The present invention provides stable, free-flowing foam-control agent in granular form, comprising a silicone antifoam compound, a carrier material, an organic coating material, characterized in, that they contain a crystalline or amorphous aluminosilicate, at a weight ratio with the silicone antifoam compound of 1/5 to 2/1.

The present invention also provides a method to make such agents, and detergent compositions containing said foam control agent.

Patent
   5540856
Priority
Apr 29 1994
Filed
Jun 07 1995
Issued
Jul 30 1996
Expiry
Apr 29 2014
Assg.orig
Entity
Large
5
9
all paid
1. A stable, free-flowing foam control agent granule, comprising 5 to 20% of a silicone antifoam compound wherein said silicone antifoam compound comprises a polydiorganosilaxane and solid silicia, from 40 to 80% of a carrier material, from 5 to 30% of an organic coating material, and from 3 to 15% by weight of a crystalline or amorphous aluminosilicate at a weight ratio with the silicone compound of 1/3 to 1/1.
11. A stable, free-flowing foam-control agent granule, comprising 5% to 20% of a silicone antifoam compound wherein said silicone antifoam compound comprises a polydiorganosiloxane and solid silicia, from 40% to 80% of a carrier material, from 5% to 30% of an organic coating material, from 2% to 20% of a glycerol, and from 3% to 15% by weight of a crystalline or amorphous aluminosilicate at a weight ratio with the silicone antifoam compound of 1/3 to 1/1.
2. A foam-control agent according to claim 1 wherein the carrier material is starch.
3. A foam-control agent according to claim 1 wherein the organic coating agent is selected from water-soluble or water-dispersible, substantially non-surface active, detergent impermeable materials, from water-insoluble fatty acids, and/or fatty alcohols and/or fatty acid esters, and from mixtures thereof.
4. A foam-control agent according to claim 3 wherein the water-soluble/dispersible, organic coating agent is selected from highly ethoxylated fatty alcohols, condensed with about 25 molar to 80 molar proportions of ethylene oxide.
5. A foam-control agent according to claim 3 wherein the water-insoluble fatty acid and/or fatty alcohols have a carbon chain length of from 12 to 20 carbon atoms and a melting point in the range of from 45°C to 80°C
6. A foam-control agent according to claim 3 wherein the organic coating agent is selected from stearic acid, stearyl alcohol, tallow fatty acid, tallow fatty alcohol, tallow alcohol condensed with about 80 molar proportions of ethylene oxide, and mixtures thereof.
7. A foam-control agent according to claim 3 wherein the crystalline or amorphous silicate of the foam control agent consists of from 3 to 5% zeolite.
8. A process for making a foam-control agent according to claim 1, wherein the silicone antifoam compound, the carrier material and the organic coating material are agglomerated together, and then aluminosilicate is added to the agglomerates, at a temperature in the range from 40° to 70°C
9. A process according to claim 8 wherein said temperature is in the range from 45°C to 55°C
10. A detergent composition in powder form comprising a surface-active agent, and a foam-control agent according to any of claim 1.

This a continuation of application Ser.

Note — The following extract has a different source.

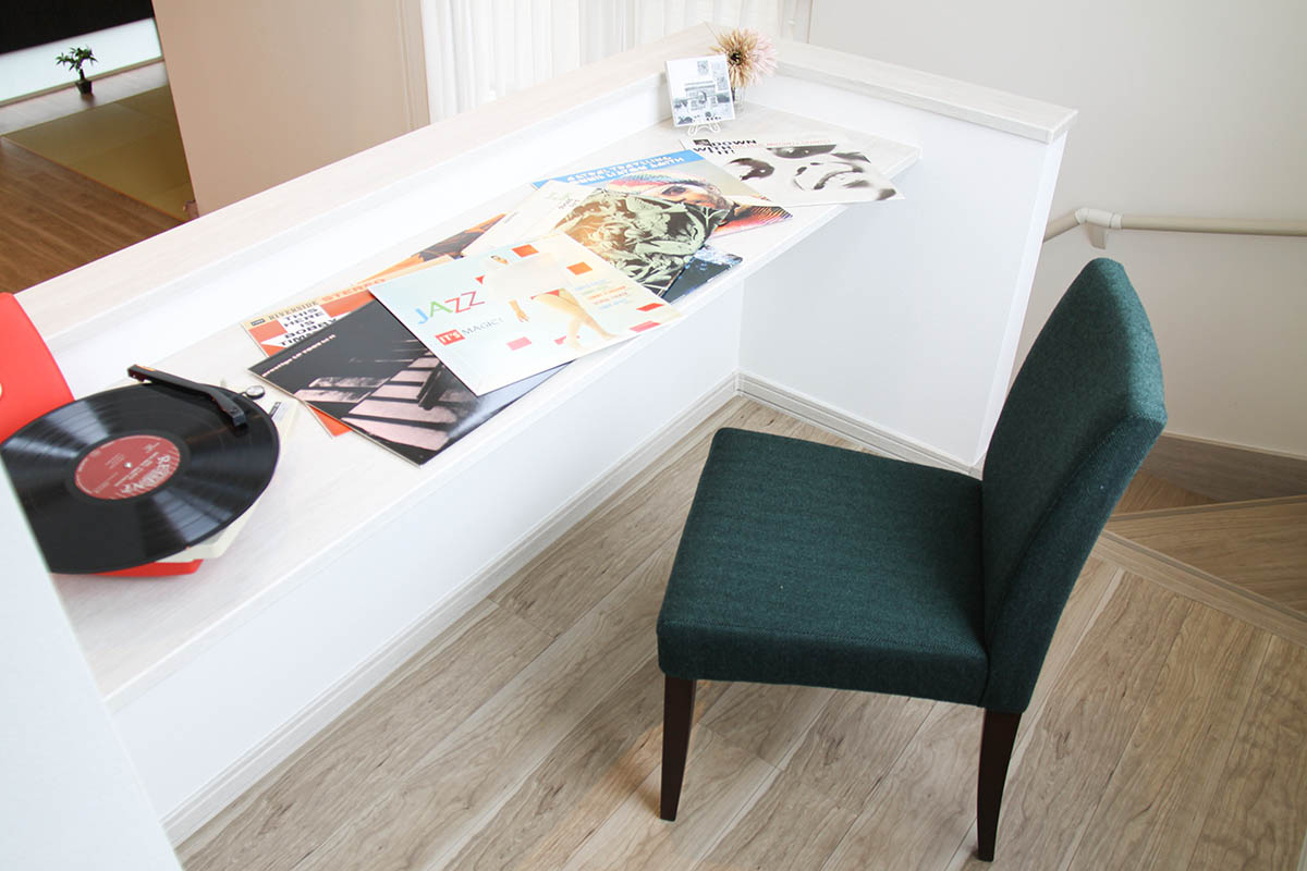 一階リビングに横には、和のテイストの「ヌックスペース」があり、ここではお昼寝をしたり読書を楽しんだり。家の中を楽しむ仕掛けがいっぱいのマイホームです。

No, 08/162,003, filed as PCT/US92/04460, May 22, 1992.

The present invention is concerned with foam control agents in granular form, with a method for making such agents, and with detergent compositions containing such agents.

It has become common practice in the detergent industry to include in detergent compositions materials which are intended to control the amount of foam produced during a washing cycle in a washing machine.

Indeed, excessive sudsing has been found to interfere negatively with the action of the wash liquor upon the fabrics.

Silicone antifoam agents have been found to be particularly effective species, and efforts have been directed to increase the stability of such agents upon prolonged storage of the detergent compositions containing them.

In GB 1,492,339, it has been proposed to coat silicone antifoam agents with an organic material which is a water soluble or water dispersible, substantially non-surface active, detergent-impermeable material e.g. gelatin, agar or certain reaction products of tallow alcohol and ethylene oxide.

In EP-A-210 721, it has been proposed to coat silicone antifoam agents with water-insoluble fatty acid or fatty alcohols, and in EP-A-210 731 it has been disclosed to coat silicone antifoam agents with a monoester of glycerol and a fatty acid.

While such antifoam agents in granulate form appear to exhibit desirable stability upon storage, when incorporated in detergent compositions, it has been found that such antifoam granulates were not ideally suited for an easy incorporation into detergent compositions in powder form, such as dry-mixing.

It is thus the object of the present invention to provide storage-stable foam controlling agents, in the form of granulates which are free flowing and easily processable into a detergent composition.

The present invention provides a stable, free-flowing foam-control agent in granular form for inclusion in a detergent composition in powder form, comprising a silicone antifoam compound, a carrier material, preferably starch, an organic coating material, characterized in, that it contains a crystalline or amorphous aluminosilicate, at a weight ratio with the silicone antifoam compound of 1:5 to 2:1, preferably 1:3 to 1:1.

The present invention also provides a method for making such agents, as well as detergent compositions containing a surface-active agent, said foam control agent, and optionally other detergent ingredients.

PAC The Silicone Antifoam Compound

The silicone antifoam compound is present in the foam-control agents of the invention., at levels of from 5% to 20% by weight, preferably 8% to 15% by weight.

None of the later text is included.